Prompt
I would like the lines below, from the one with "Юбка выполнена из" through the one with "天空景象,暴雨、闪电、北极光", copied exactly and without any pictures.

Data for this task

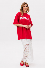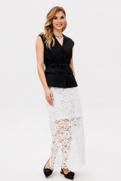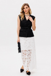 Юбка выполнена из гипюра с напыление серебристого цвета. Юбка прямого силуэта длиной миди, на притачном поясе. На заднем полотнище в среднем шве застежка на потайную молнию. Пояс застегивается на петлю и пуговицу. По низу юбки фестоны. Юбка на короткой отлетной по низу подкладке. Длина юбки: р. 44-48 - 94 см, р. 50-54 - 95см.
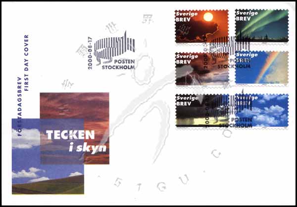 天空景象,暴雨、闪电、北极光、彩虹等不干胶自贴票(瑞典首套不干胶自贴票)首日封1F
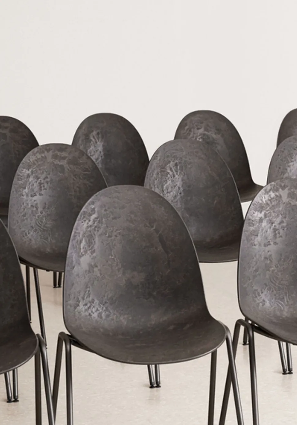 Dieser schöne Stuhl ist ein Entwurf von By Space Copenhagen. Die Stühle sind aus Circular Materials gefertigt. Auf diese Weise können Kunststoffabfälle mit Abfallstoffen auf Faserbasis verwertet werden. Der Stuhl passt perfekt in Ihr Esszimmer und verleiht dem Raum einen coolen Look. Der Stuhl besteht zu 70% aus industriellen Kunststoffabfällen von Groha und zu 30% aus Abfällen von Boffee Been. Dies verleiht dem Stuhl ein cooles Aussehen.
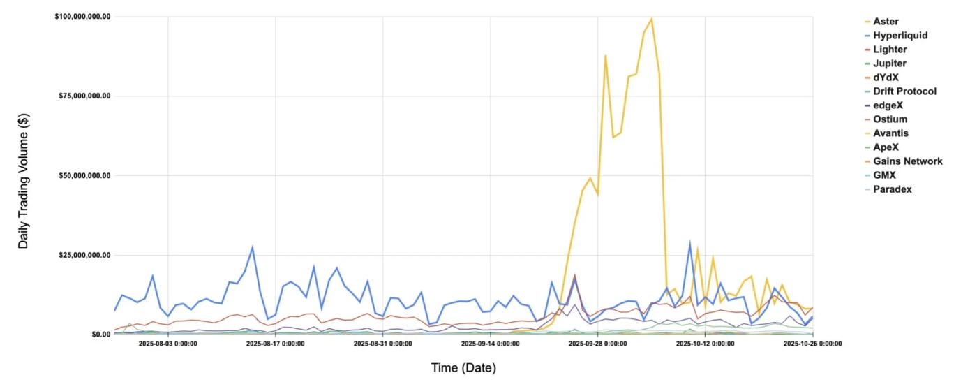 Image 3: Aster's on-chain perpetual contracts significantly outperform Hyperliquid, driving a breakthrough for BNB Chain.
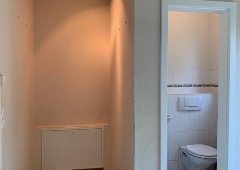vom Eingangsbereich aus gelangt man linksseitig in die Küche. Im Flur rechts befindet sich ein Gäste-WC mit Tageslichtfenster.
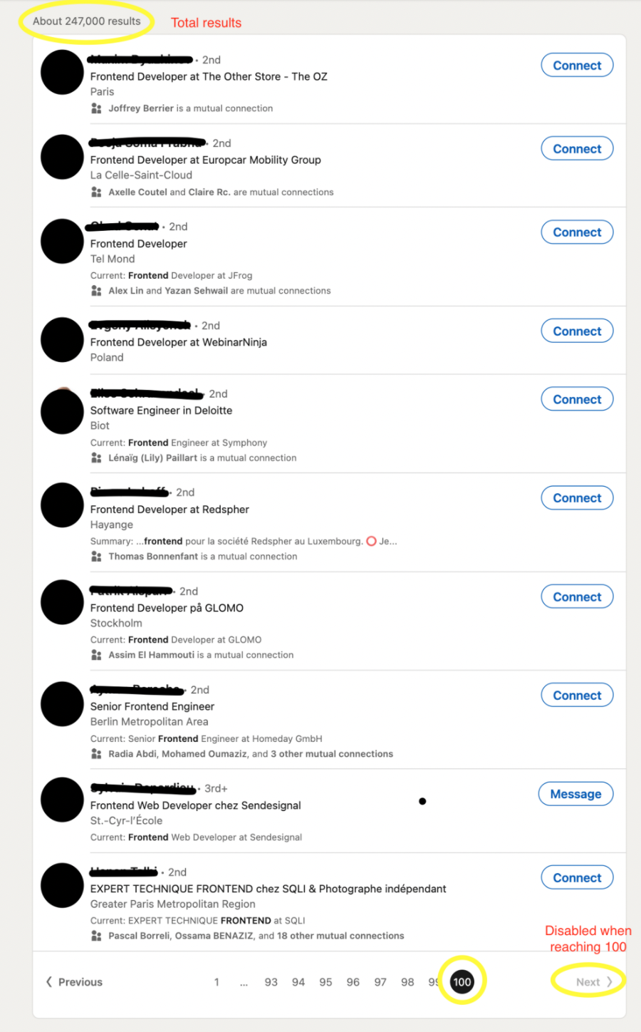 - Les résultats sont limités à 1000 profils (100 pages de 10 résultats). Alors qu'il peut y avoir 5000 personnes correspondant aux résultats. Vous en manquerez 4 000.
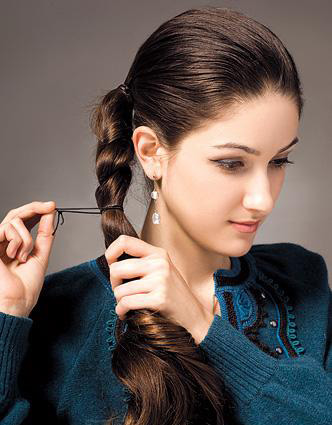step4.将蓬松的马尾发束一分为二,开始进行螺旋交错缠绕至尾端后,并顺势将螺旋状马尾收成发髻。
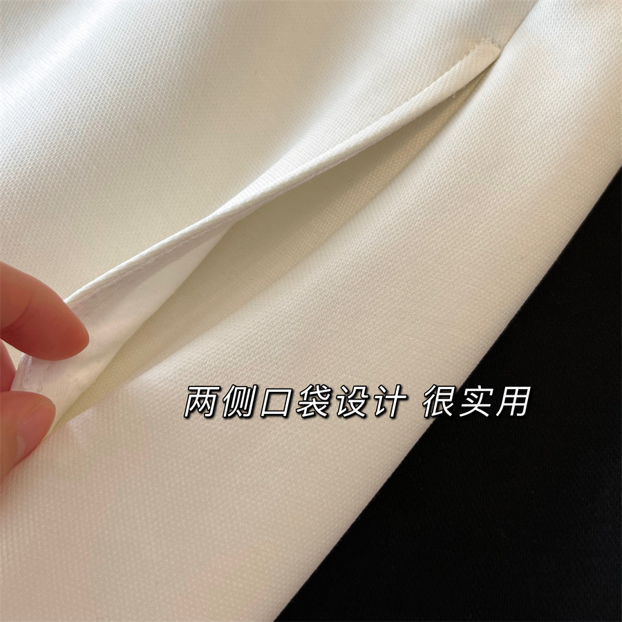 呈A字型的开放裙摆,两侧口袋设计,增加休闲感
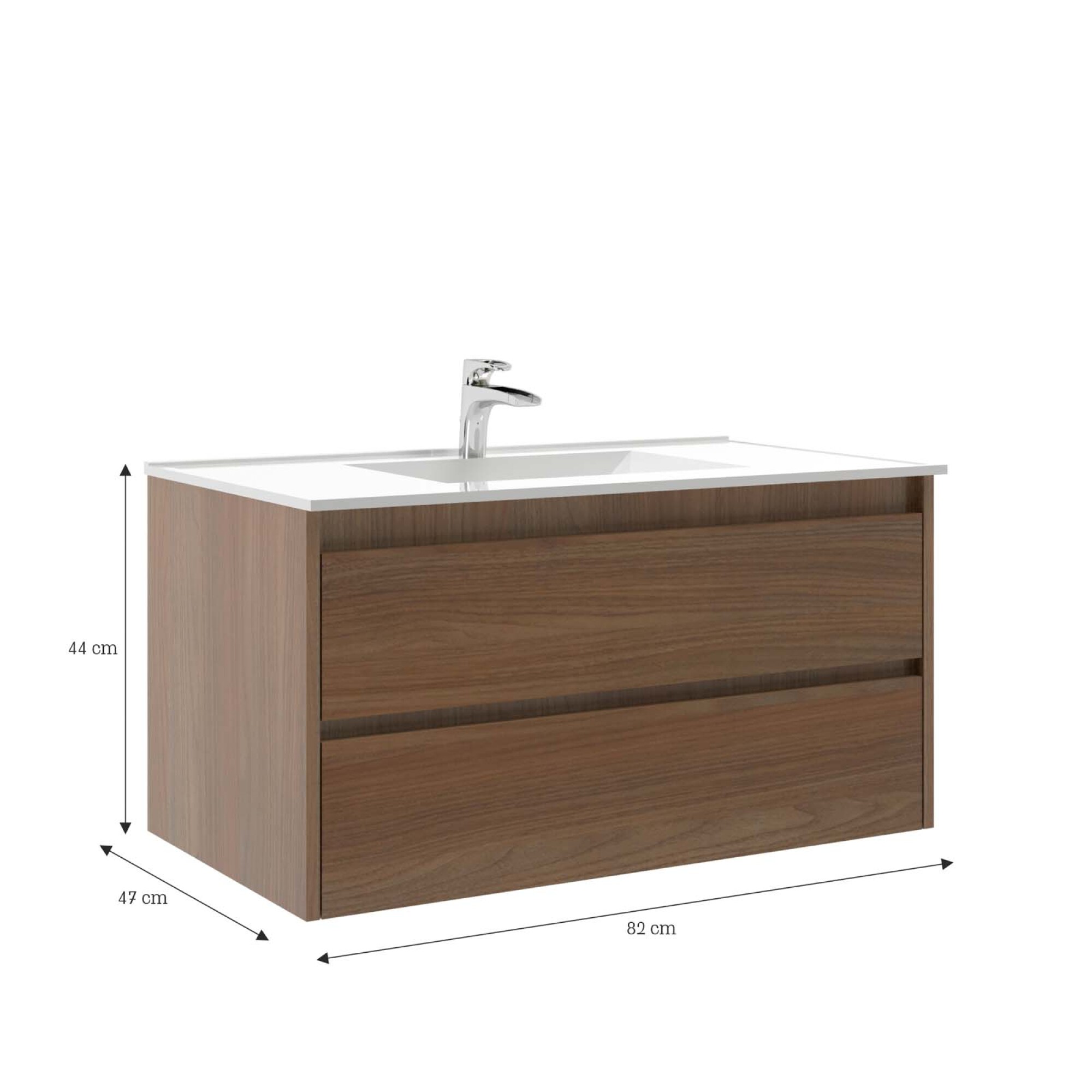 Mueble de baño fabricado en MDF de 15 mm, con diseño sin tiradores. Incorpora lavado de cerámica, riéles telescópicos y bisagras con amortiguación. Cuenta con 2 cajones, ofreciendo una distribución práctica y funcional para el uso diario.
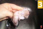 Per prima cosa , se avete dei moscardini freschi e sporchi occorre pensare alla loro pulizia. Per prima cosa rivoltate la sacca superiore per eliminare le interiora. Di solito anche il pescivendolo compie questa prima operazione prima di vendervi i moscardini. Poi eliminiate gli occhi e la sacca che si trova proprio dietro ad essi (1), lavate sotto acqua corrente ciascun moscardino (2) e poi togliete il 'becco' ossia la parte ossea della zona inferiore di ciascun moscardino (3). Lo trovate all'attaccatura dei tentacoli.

...

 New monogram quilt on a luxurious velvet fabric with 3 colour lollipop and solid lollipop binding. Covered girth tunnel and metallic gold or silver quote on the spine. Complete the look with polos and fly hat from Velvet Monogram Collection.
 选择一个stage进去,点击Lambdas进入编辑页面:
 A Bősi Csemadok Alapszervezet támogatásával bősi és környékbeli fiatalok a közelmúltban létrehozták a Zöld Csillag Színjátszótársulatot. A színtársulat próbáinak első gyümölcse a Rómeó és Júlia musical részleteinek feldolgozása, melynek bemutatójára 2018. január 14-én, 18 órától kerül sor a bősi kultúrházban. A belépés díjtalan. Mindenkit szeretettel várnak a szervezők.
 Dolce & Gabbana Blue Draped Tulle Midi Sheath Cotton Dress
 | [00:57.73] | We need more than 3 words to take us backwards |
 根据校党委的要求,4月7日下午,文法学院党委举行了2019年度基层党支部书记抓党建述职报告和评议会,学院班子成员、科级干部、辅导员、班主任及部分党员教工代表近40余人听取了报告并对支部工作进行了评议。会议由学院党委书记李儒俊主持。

...

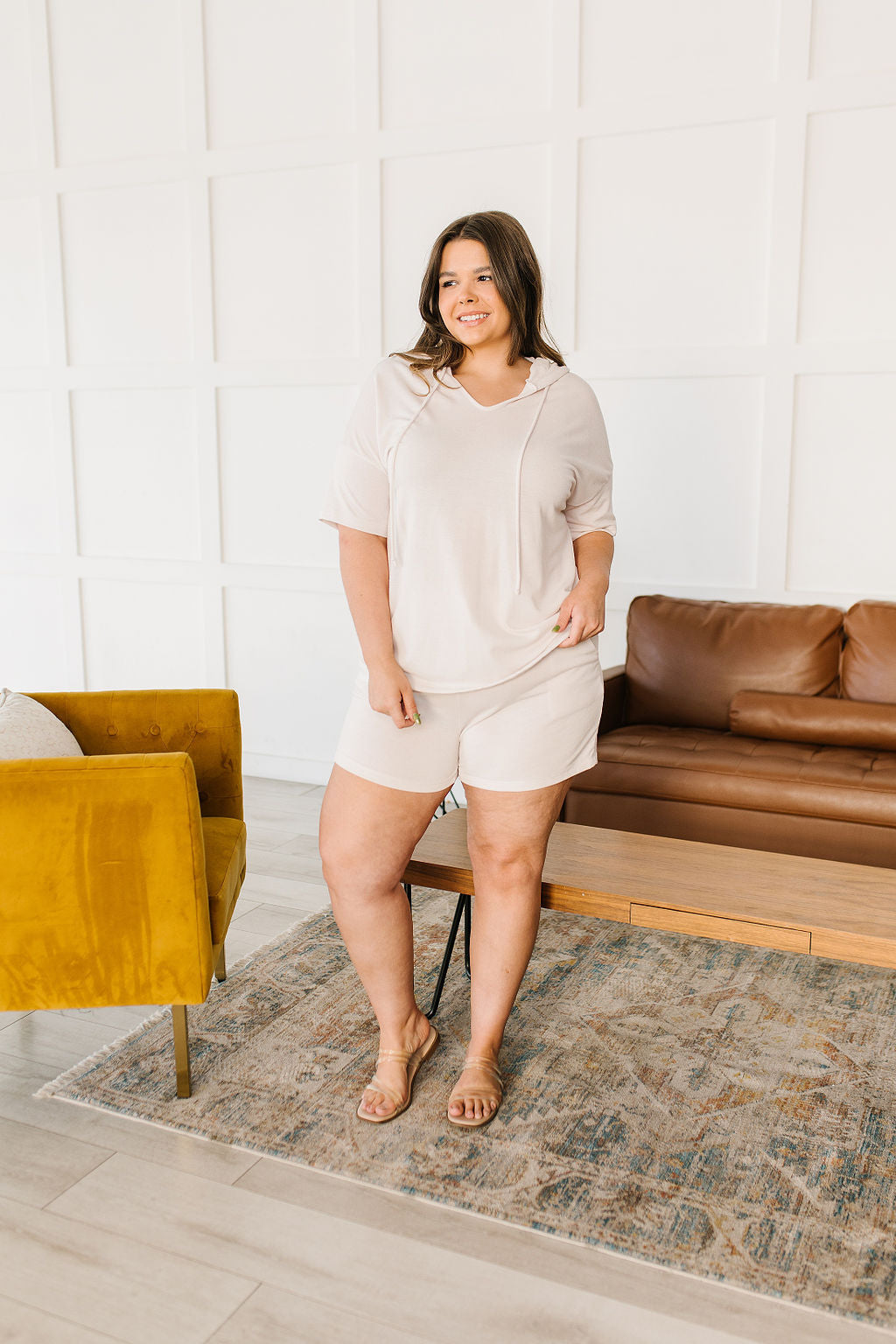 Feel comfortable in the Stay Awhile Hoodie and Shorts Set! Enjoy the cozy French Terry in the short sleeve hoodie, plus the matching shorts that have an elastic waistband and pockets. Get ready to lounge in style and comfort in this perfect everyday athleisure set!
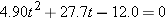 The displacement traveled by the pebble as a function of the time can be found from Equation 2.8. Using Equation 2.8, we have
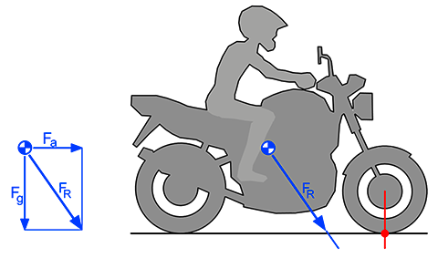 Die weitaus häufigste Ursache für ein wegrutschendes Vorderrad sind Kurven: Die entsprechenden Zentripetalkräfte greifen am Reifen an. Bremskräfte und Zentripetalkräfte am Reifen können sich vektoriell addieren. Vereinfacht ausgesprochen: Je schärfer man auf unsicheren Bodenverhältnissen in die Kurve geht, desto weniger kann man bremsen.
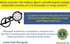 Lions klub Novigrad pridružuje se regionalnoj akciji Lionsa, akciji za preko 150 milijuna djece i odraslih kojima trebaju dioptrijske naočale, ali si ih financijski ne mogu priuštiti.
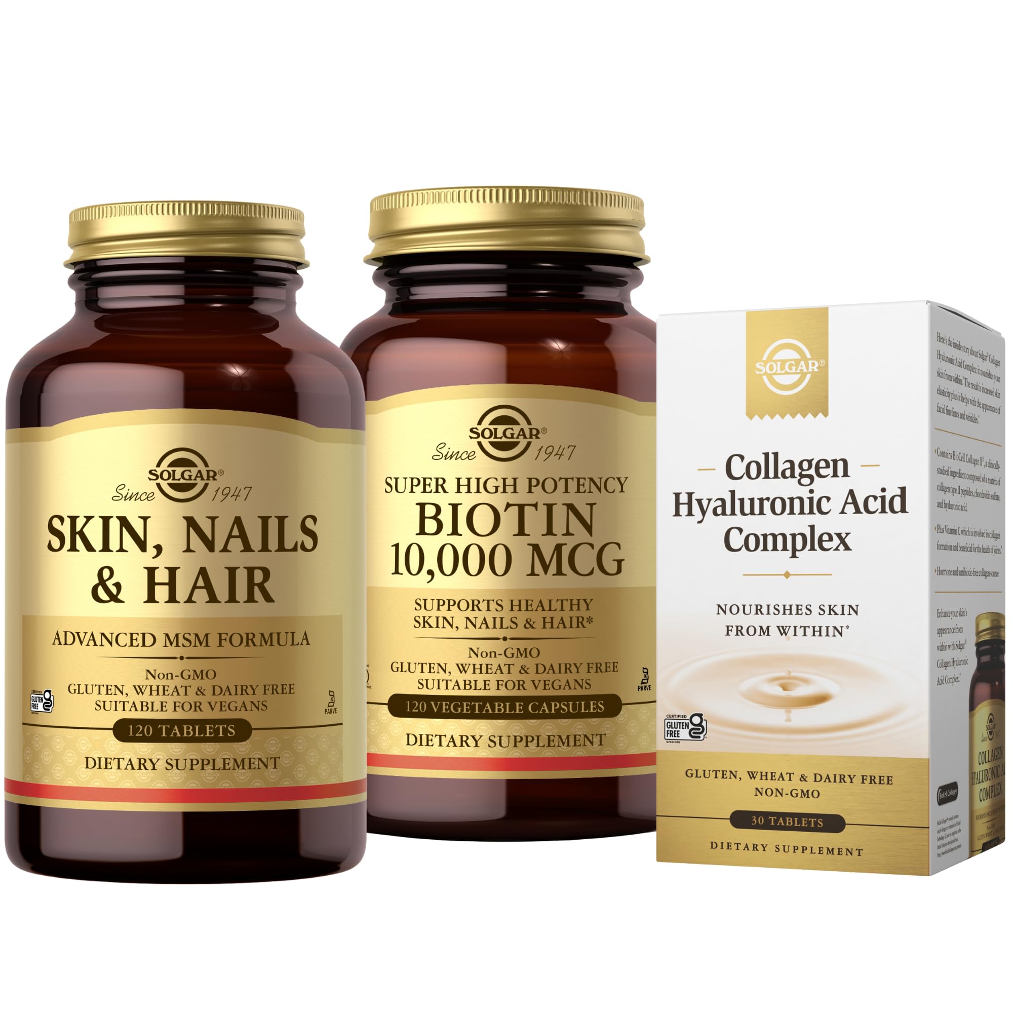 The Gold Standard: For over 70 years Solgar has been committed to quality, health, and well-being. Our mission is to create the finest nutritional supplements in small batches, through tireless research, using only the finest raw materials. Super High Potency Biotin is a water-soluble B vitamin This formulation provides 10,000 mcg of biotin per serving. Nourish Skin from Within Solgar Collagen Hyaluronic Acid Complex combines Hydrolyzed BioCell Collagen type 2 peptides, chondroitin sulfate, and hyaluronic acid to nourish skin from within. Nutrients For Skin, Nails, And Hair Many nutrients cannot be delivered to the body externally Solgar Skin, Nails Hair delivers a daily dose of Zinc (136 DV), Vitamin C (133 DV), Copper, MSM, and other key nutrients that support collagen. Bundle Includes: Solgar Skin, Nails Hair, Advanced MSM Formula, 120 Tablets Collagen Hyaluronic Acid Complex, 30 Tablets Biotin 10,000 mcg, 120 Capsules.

Solved problem
 Юбка выполнена из гипюра с напыление серебристого цвета. Юбка прямого силуэта длиной миди, на притачном поясе. На заднем полотнище в среднем шве застежка на потайную молнию. Пояс застегивается на петлю и пуговицу. По низу юбки фестоны. Юбка на короткой отлетной по низу подкладке. Длина юбки: р. 44-48 - 94 см, р. 50-54 - 95см.
 天空景象,暴雨、闪电、北极光、彩虹等不干胶自贴票(瑞典首套不干胶自贴票)首日封1F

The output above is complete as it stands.